* **Work instructions**: Give the data again in full, without pictures.

* **Data extracts**:
**********
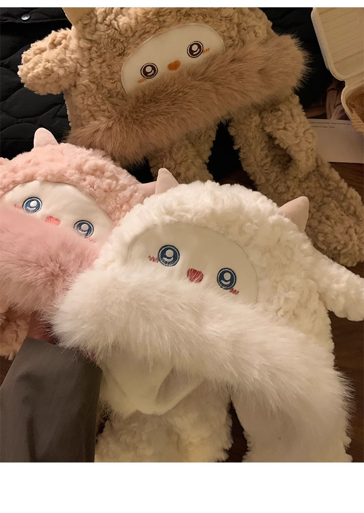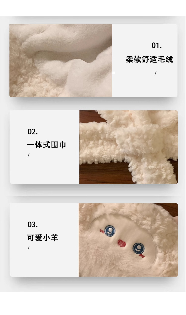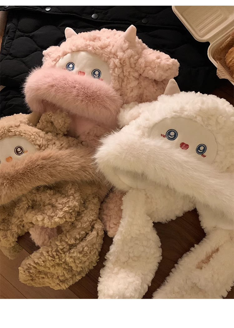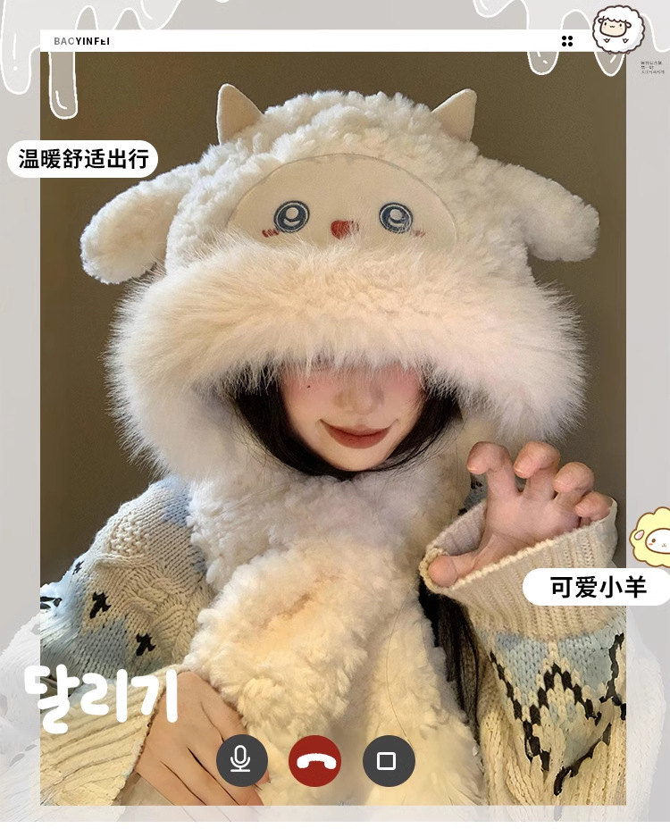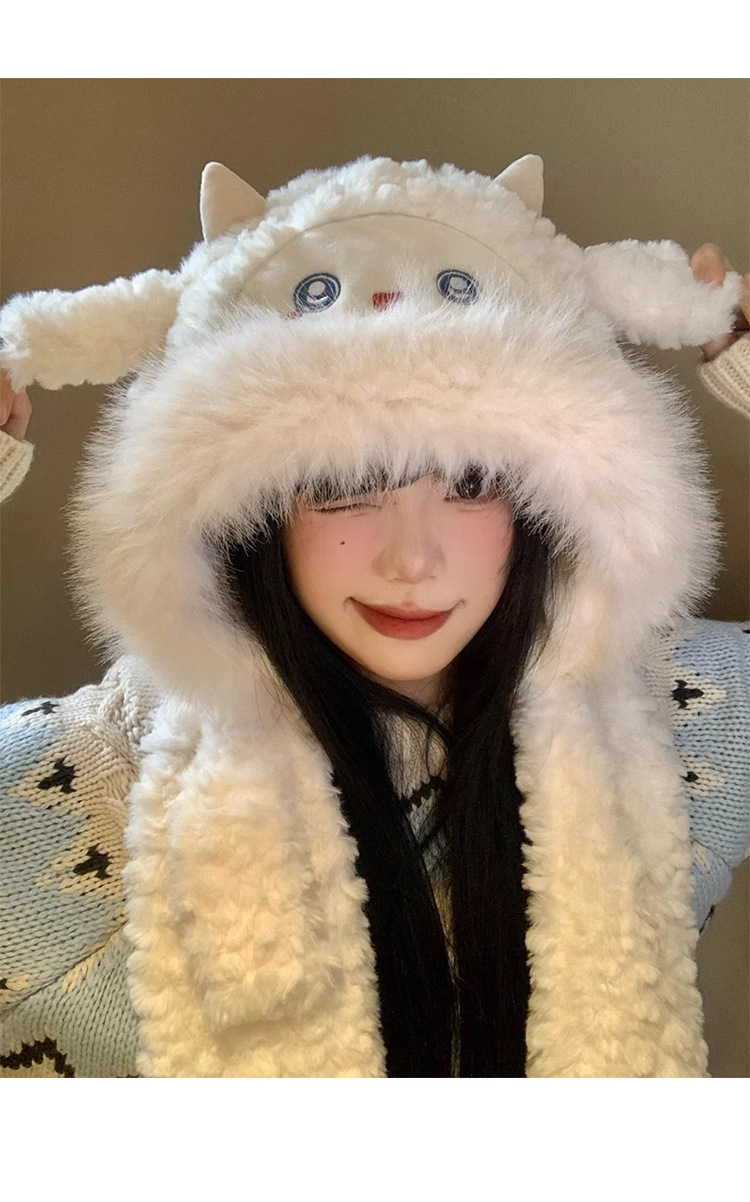可爱小绵羊毛绒帽女冬季新款防寒保暖帽子围巾一体加厚护耳雷锋帽
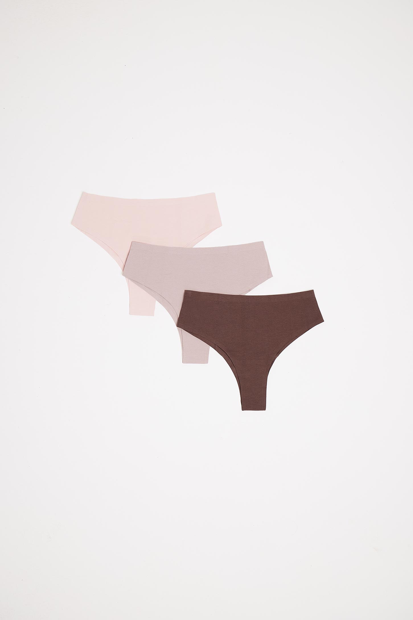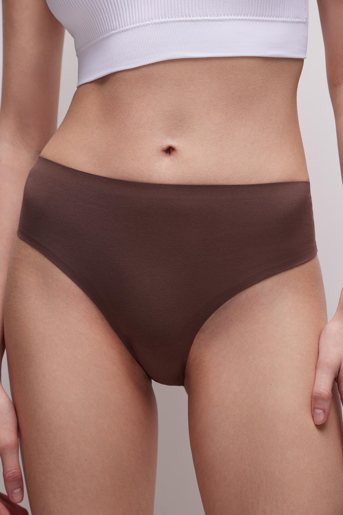 Трусы-бразильяно с высокой посадкой светло-бежевые
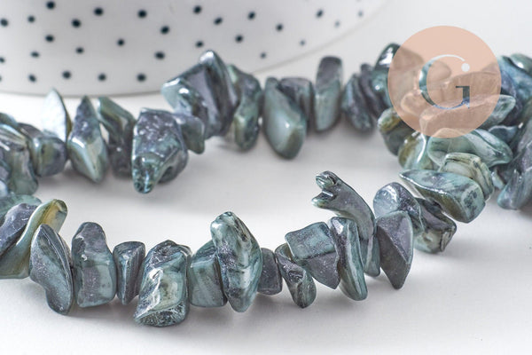 Aproximadamente 75 perlas de chips de concha teñidas de gris.
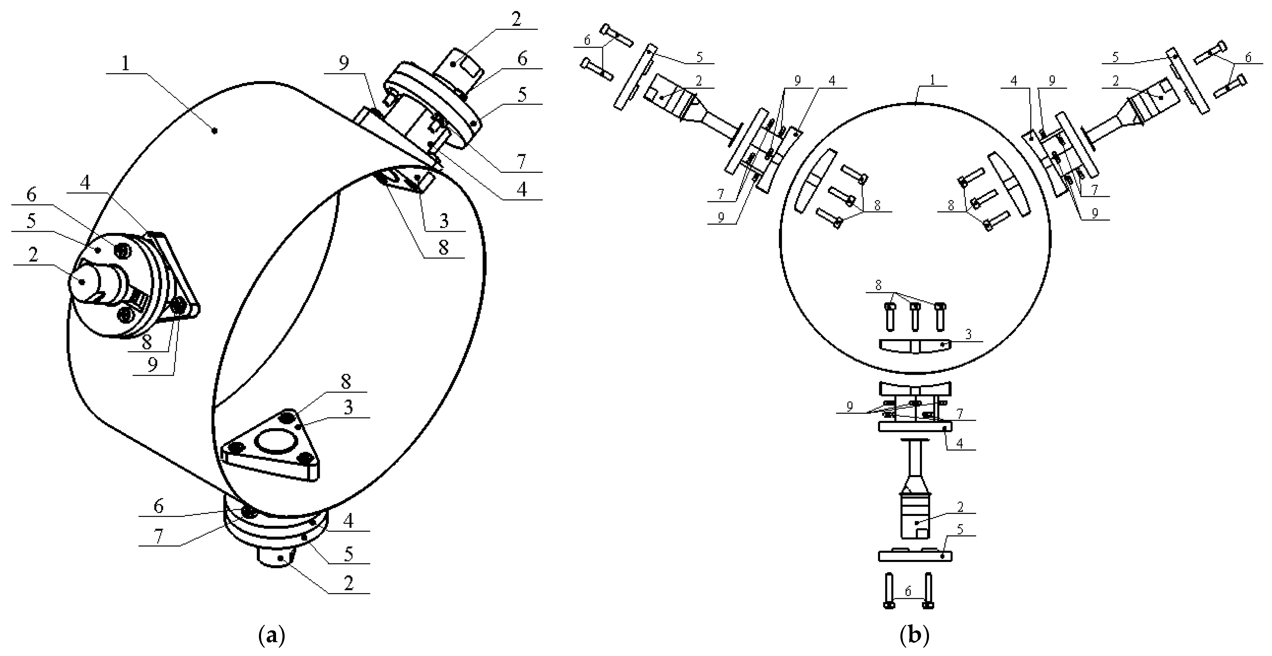 Figure 1. Structural design of the ultrasonic agglomeration chamber: (a) isometric view of the chamber; (b) exploded view of the chamber; 1—cylindrical body of the agglomeration chamber; 2—ultrasonic acoustic pressure source; 3—clamping plate; 4—fixator of the acoustic pressure source; 5—clamping disc of the acoustic pressure source; 6—bolts of the clamping disc; 7—nuts of the clamping disc; 8—bolts of the clamp fixator; 9—nuts of the clamp fixator.
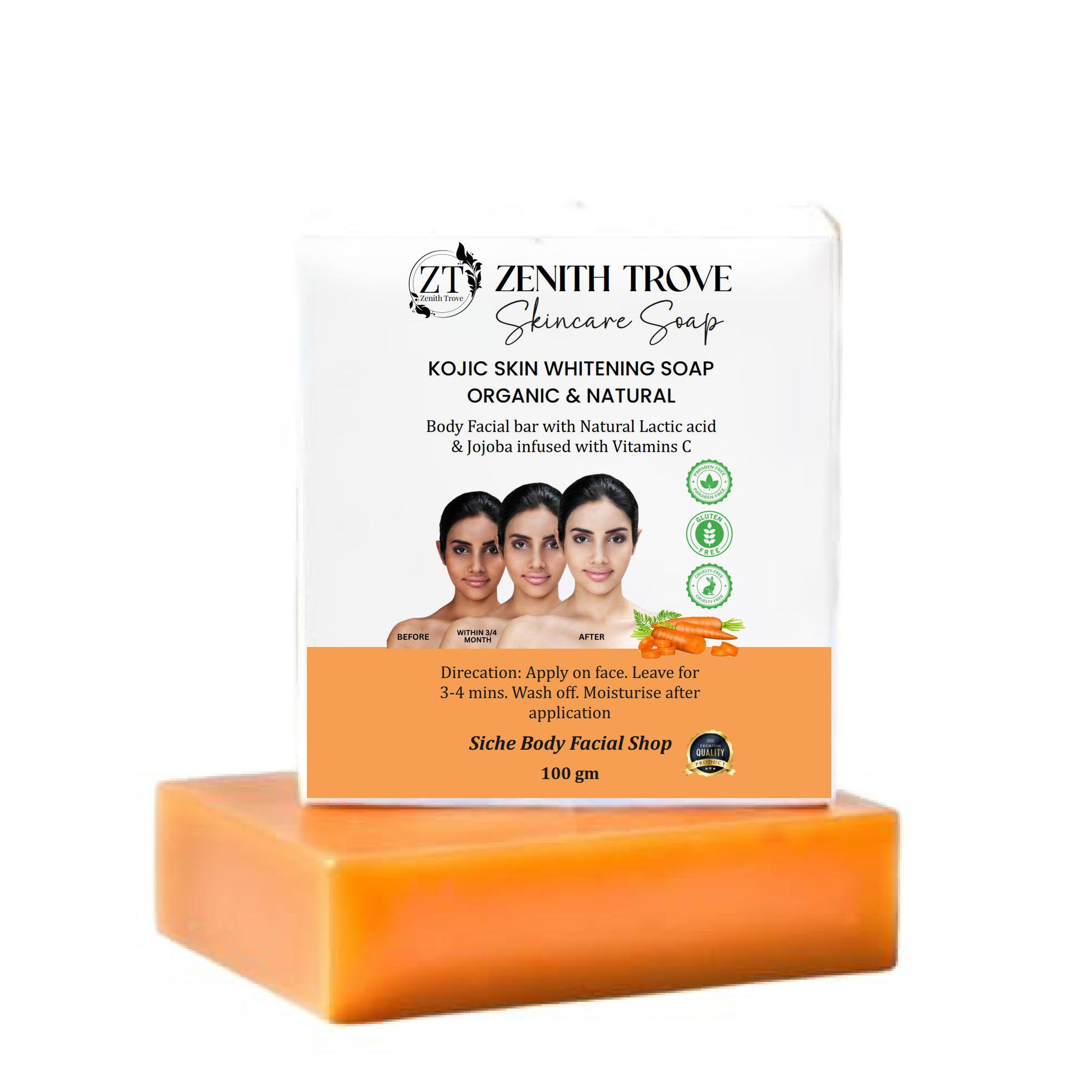 Zenith Trove Kojic Skin Whitening Soap | Organic & Natural with Lactic Acid, Jojoba & Vitamin C | Brightening Face & Body Bar for Dark Spots & Pigmentation – 100g (100 g (Pack of 1))
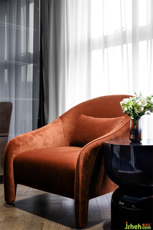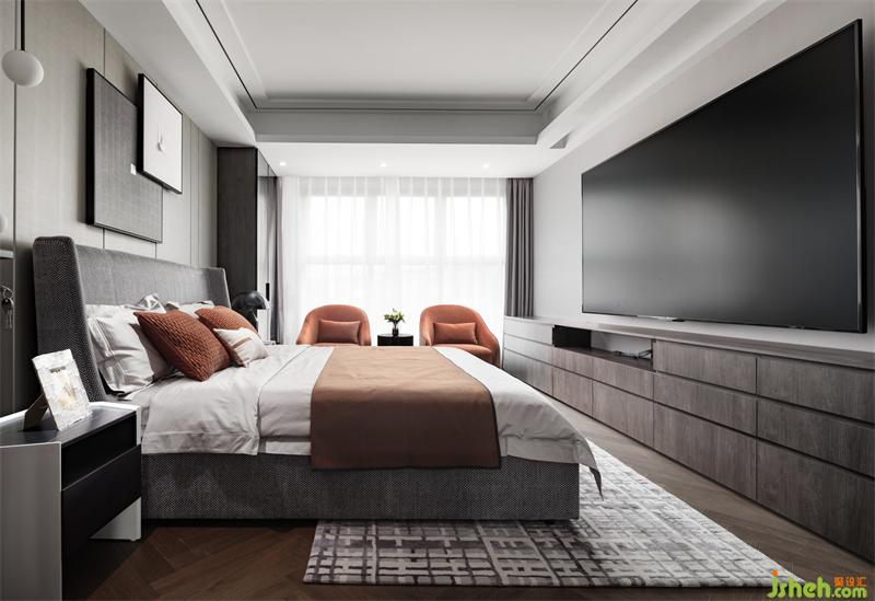 焦糖色的单椅与床品搭配相得益彰,增加空间的层次感和趣味性。超大屏的电视,满足业主投屏看电影的习惯。
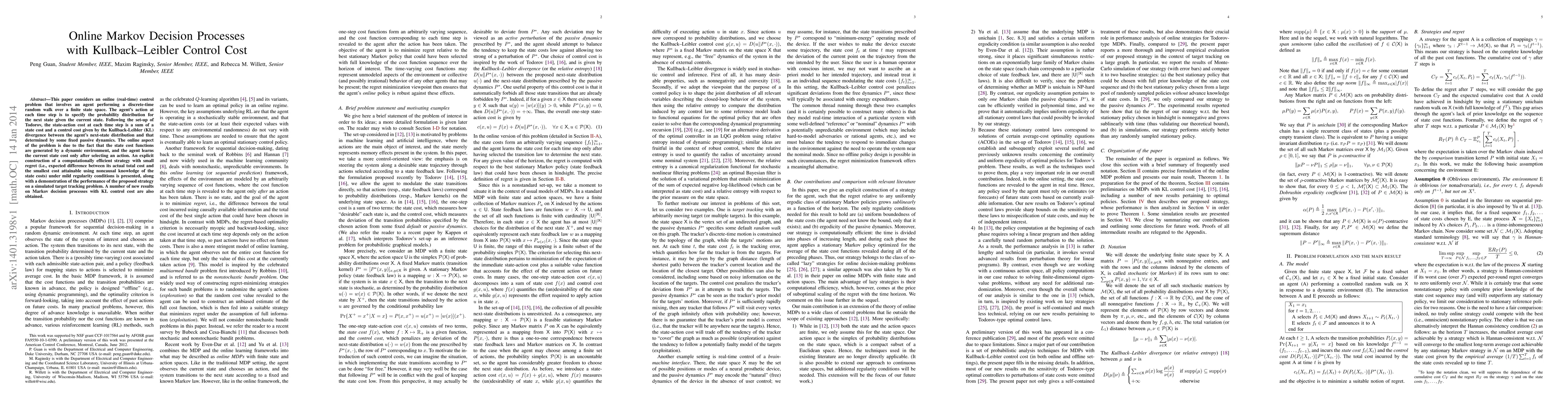 This paper proposes an online control strategy for a Markov decision process with Kullback-Leibler control cost, achieving small regret under mild conditions. The strategy is demonstrated through a simulated target tracking problem, alongside new results on Markov decision processes with KL control cost.
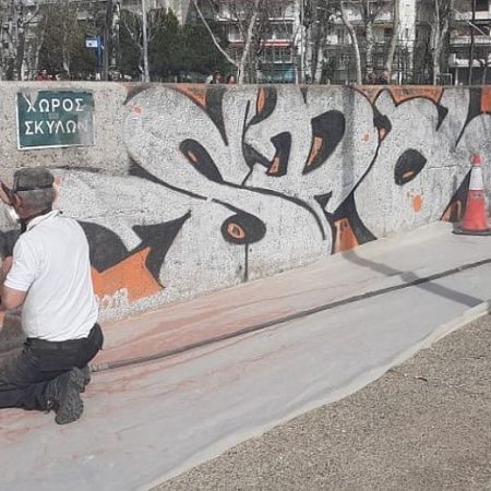 Επιχείρηση καθαρισμού επιφανειών από γκράφιτι βρίσκεται σε εξέλιξη στον δήμο Θεσσαλονίκης.
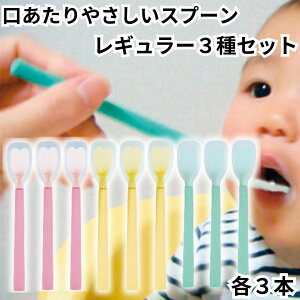 口あたりやさしいスプーン レギュラーサイズ【3種セット】各3本 合計9本 口元や歯茎へのあたりがやさしいスプーンです。 シリコンゴムの中にコシのあるナイロン樹脂の芯を埋め込んだ新しいスプーンです。 先端は柔らかなシリコンゴムを
**********
* **Exercise answer**:
可爱小绵羊毛绒帽女冬季新款防寒保暖帽子围巾一体加厚护耳雷锋帽
 Трусы-бразильяно с высокой посадкой светло-бежевые
 Aproximadamente 75 perlas de chips de concha teñidas de gris.
 Figure 1. Structural design of the ultrasonic agglomeration chamber: (a) isometric view of the chamber; (b) exploded view of the chamber; 1—cylindrical body of the agglomeration chamber; 2—ultrasonic acoustic pressure source; 3—clamping plate; 4—fixator of the acoustic pressure source; 5—clamping disc of the acoustic pressure source; 6—bolts of the clamping disc; 7—nuts of the clamping disc; 8—bolts of the clamp fixator; 9—nuts of the clamp fixator.
 Zenith Trove Kojic Skin Whitening Soap | Organic & Natural with Lactic Acid, Jojoba & Vitamin C | Brightening Face & Body Bar for Dark Spots & Pigmentation – 100g (100 g (Pack of 1))
 焦糖色的单椅与床品搭配相得益彰,增加空间的层次感和趣味性。超大屏的电视,满足业主投屏看电影的习惯。
 This paper proposes an online control strategy for a Markov decision process with Kullback-Leibler control cost, achieving small regret under mild conditions. The strategy is demonstrated through a simulated target tracking problem, alongside new results on Markov decision processes with KL control cost.
 Επιχείρηση καθαρισμού επιφανειών από γκράφιτι βρίσκεται σε εξέλιξη στον δήμο Θεσσαλονίκης.
 口あたりやさしいスプーン レギュラーサイズ【3種セット】各3本 合計9本 口元や歯茎へのあたりがやさしいスプーンです。 シリコンゴムの中にコシのあるナイロン樹脂の芯を埋め込んだ新しいスプーンです。 先端は柔らかなシリコンゴムを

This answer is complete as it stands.